Sent from my iPhone using Tapatalk Pro


----------



## Just 1 More (Feb 9, 2004)

1sawtooth said:


> It actually has nothing to do with voltage as both are still 72volts. Runtime is mostly based on storage capacity. Again I'm no electrician either just going off what others have told me. So storage capacity is the actual lead inside of the batteries. Since Lead is most of the batteries weight you can basically add the total weight of the battery pack and I n the way measure storage capacity. So if 9- 8 volt Batteries weigh 50 pounds each that's a total of 450 pounds of lead. And vice versa if you have 6- 12 V batteries at 50 pounds each there's 300 pounds of lead. But on a positive note the 6-12s should be less replacement cost then the 9-8 V batteries. This is If battery cost is somewhat similar
> 
> 
> Sent from my iPhone using Tapatalk Pro


Just a quick search of Trojans battery site... 
12v = 78 to 85lbs ... 6x85=510lbs
8v = 63 to 69lbs ... 9x69 =621lbs


----------



## 1sawtooth (Dec 12, 2012)

10 Ringer said:


> I would think more batteries would equal more runtime with the same amount of volts, but more batteries also may mean more weight. I would just hope that they did some serious remodification and done a better job with customer service after the sale. If it is anything like our Ambush is you will find yourself in the hospital or stranded in the woods very soon. Didn't you say the new ones only have a one year warranty? Ours had a two year (probably wouldn't have gotten it with only one year) and we have been having it repaired or broken since the first day we drove it.

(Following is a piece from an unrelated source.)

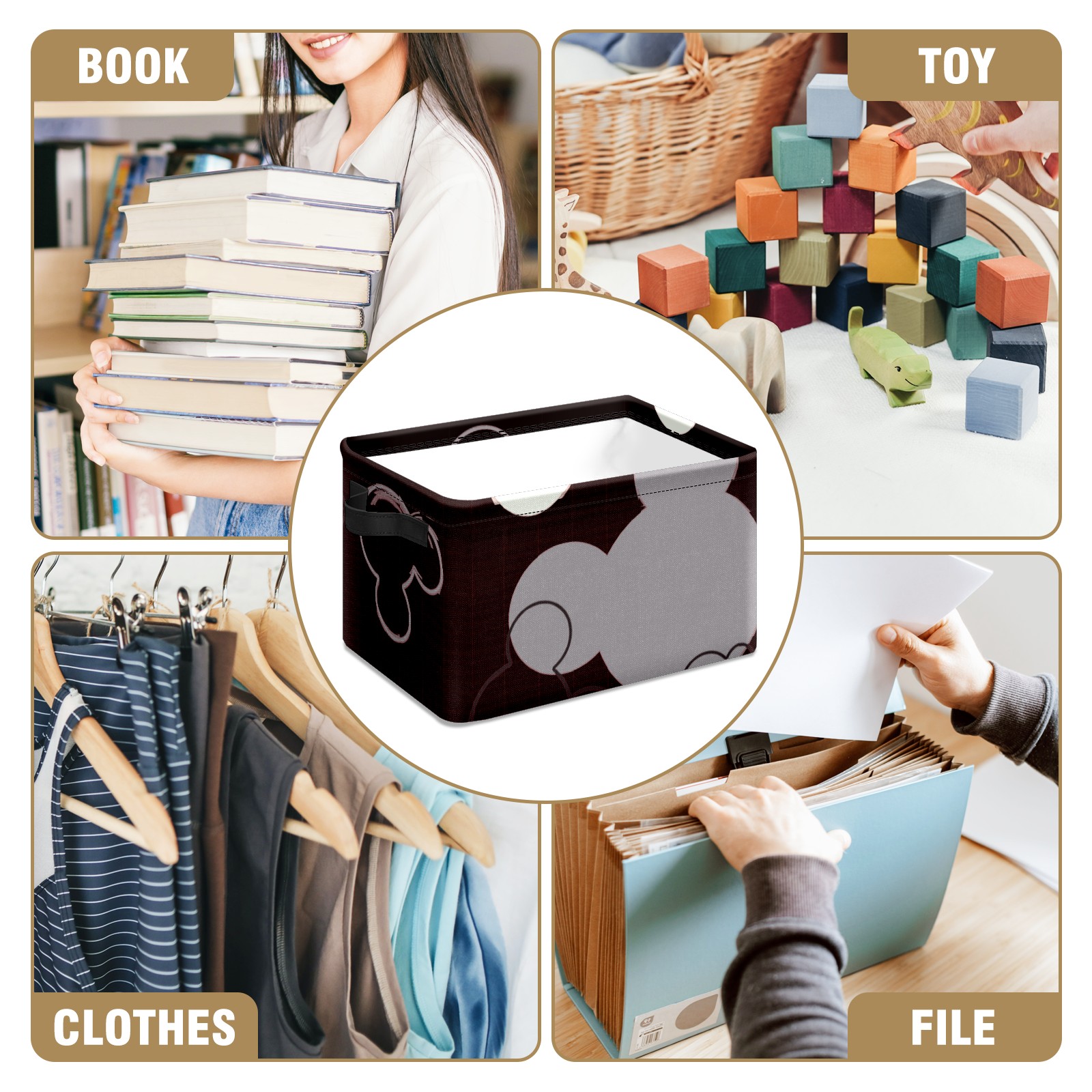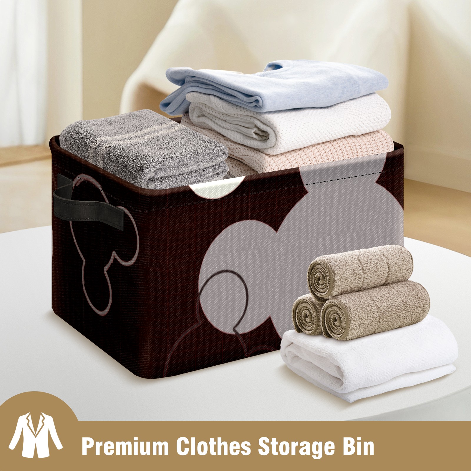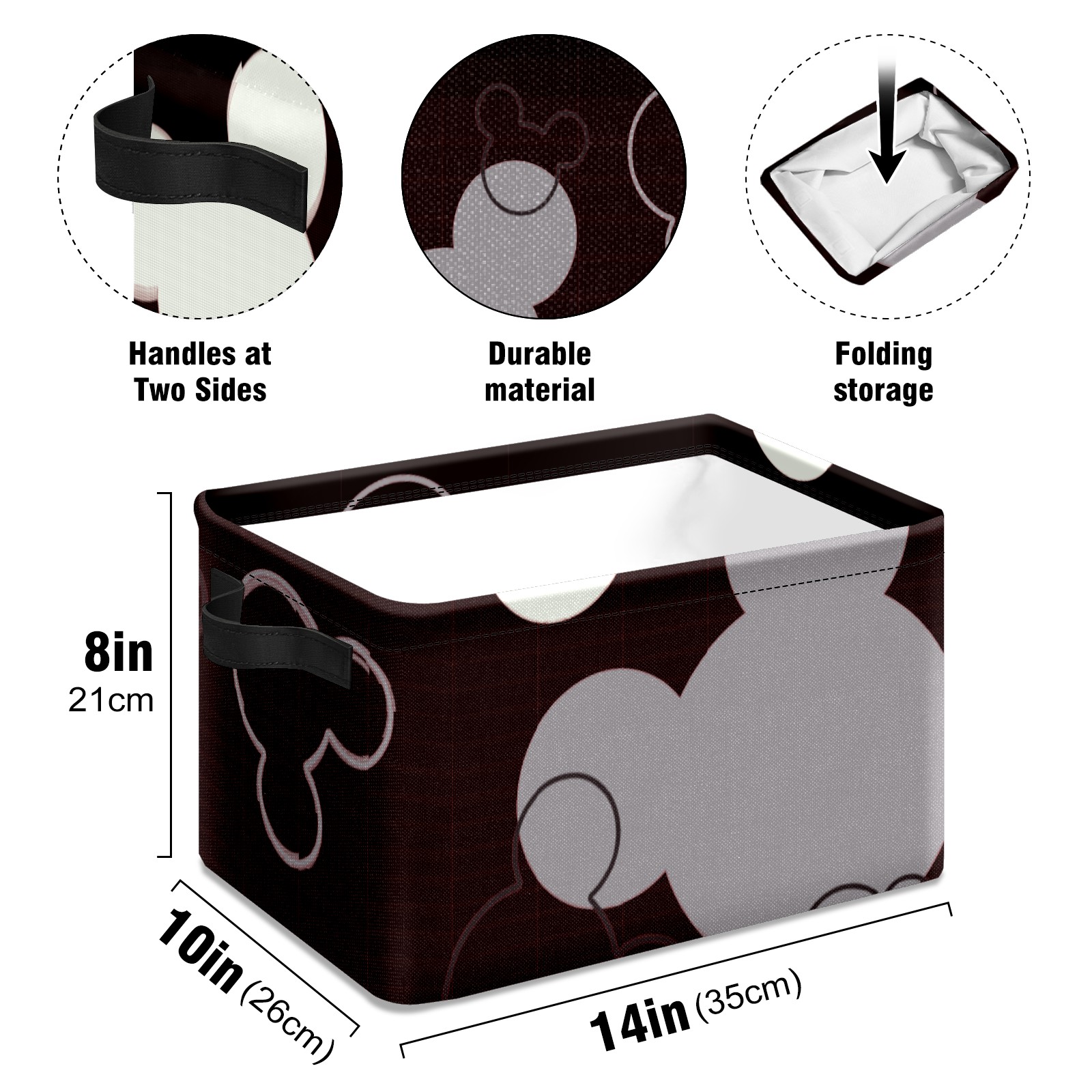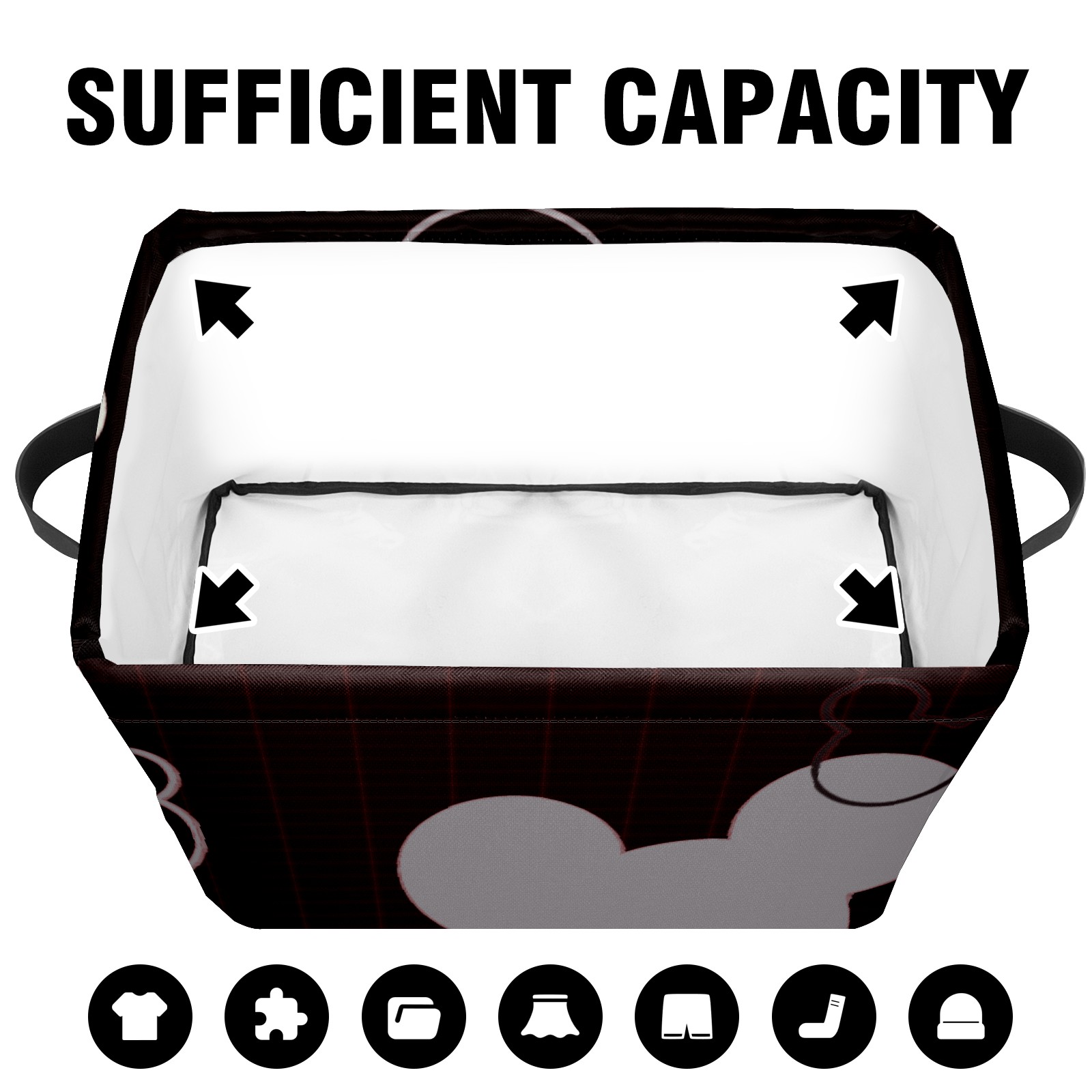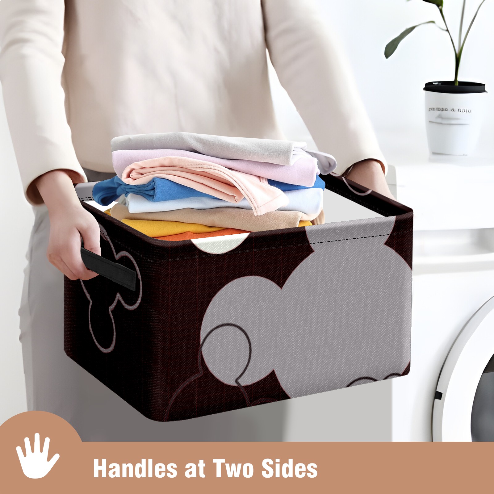 Collapsible 600D Oxford Storage Basket with Grey White Mickey Mouse - Metal Frame 10"x14"x8" Reinforced Handles, Multi-Purpose Organizer

Yes the ambush was a nightmare. Mainly because it was such a complicated vehicle and too much going on with it. Textron thought it was a great idea but just wasn't able to improve on the original design. So this year that model is no longer is available. One thing on the New prowler EV is I'm curious if they've added a locking 4 x 4 feature. This would be a great addition that would really help improve Offroad performance. 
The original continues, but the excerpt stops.